Astra Microwave Products Limited (AMPL) announced that its Board of Directors has approved a Scheme of Arrangement for the demerger of its Space, Meteorology, and Hydrology business. This division will be transferred to its wholly-owned subsidiary, Astra Space Technologies Private Limited (ASTPL), on a going concern basis. ASTPL will subsequently issue shares to AMPL shareholders. The scheme is subject to regulatory approvals.
Scheme of Arrangement Approved for Demerger
The Board of Directors of Astra Microwave Products Limited (AMPL) has officially approved a Scheme of Arrangement, marking a significant step towards demerging its Space, Meteorology, and Hydrology business. This strategic decision was made during the Board meeting held on June 10, 2026, following recommendations from the Independent Directors Committee and the Audit Committee.
Demerger Details and New Entity
The demerger involves transferring the Space, Meteorology, and Hydrology business from AMPL to its wholly-owned subsidiary, Astra Space Technologies Private Limited (ASTPL). This transfer will be executed on a going concern basis. As part of the arrangement, ASTPL will issue shares to AMPL shareholders based on a determined share ratio.
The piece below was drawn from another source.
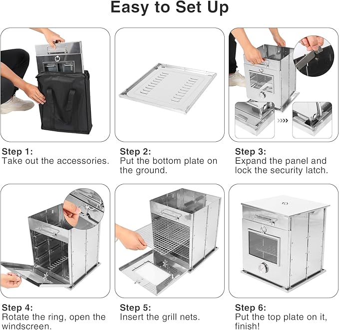 - Easy to Assemble: The portable camp oven can be assembled easily in a few minutes without any help. It is foldable and easy to carry. The extra carry bag allows you to take it everywhere.

The entire transaction is intended to be completed in compliance with applicable laws and tax provisions.
Rationale for the Demerger
The demerger aims to create two distinct, sector-focused listed entities. One entity will concentrate on Radar Electronics, Electronic Warfare, and Telemetry, while the other, ASTPL, will focus exclusively on Space, Meteorology, and Hydrology. The company believes this separation will allow for a differentiated growth strategy, tailored to the unique characteristics and market opportunities within the Space, Meteorology, and Hydrology sector. A standalone entity is expected to attract specific investors and strategic partners more effectively.
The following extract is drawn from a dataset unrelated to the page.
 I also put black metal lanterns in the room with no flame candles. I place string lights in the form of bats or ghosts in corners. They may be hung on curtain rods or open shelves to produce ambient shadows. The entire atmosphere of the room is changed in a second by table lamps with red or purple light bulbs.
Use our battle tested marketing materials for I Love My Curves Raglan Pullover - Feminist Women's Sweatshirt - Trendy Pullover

Financial and Shareholding Impact
The turnover of the demerged undertaking for the financial year ended March 31, 2026, was approximately INR 157 Crores, representing 13.58% of AMPL’s total turnover for that year. There will be no cash consideration involved in this scheme. ASTPL will issue 1 fully paid-up equity share of INR 2 to eligible AMPL shareholders for every 1 fully paid-up equity share of INR 2 held in AMPL, effectively mirroring the shareholding pattern of AMPL. The pre-scheme paid-up share capital of ASTPL will be cancelled and reduced.
Regulatory Approvals Required
The successful implementation of this Scheme of Arrangement is contingent upon obtaining necessary approvals from several regulatory bodies. These include the jurisdictional Hon’ble National Company Law Tribunal, the Securities and Exchange Board of India (SEBI), BSE Limited, and the National Stock Exchange of India Limited, along with any other required sanctions from relevant authorities.
Listing of Resulting Entity
The new shares of ASTPL are intended to be listed and admitted for trading on both the NSE and BSE, pending the receipt of requisite approvals from the stock exchanges. The announcement confirms that AMPL’s shareholding pattern will remain unchanged, while ASTPL, post-demerger, will reflect the shareholding of AMPL.
Board Meeting Details
The Board Meeting where this approval was granted commenced at 11:45 AM and concluded at 12:20 PM on June 10, 2026.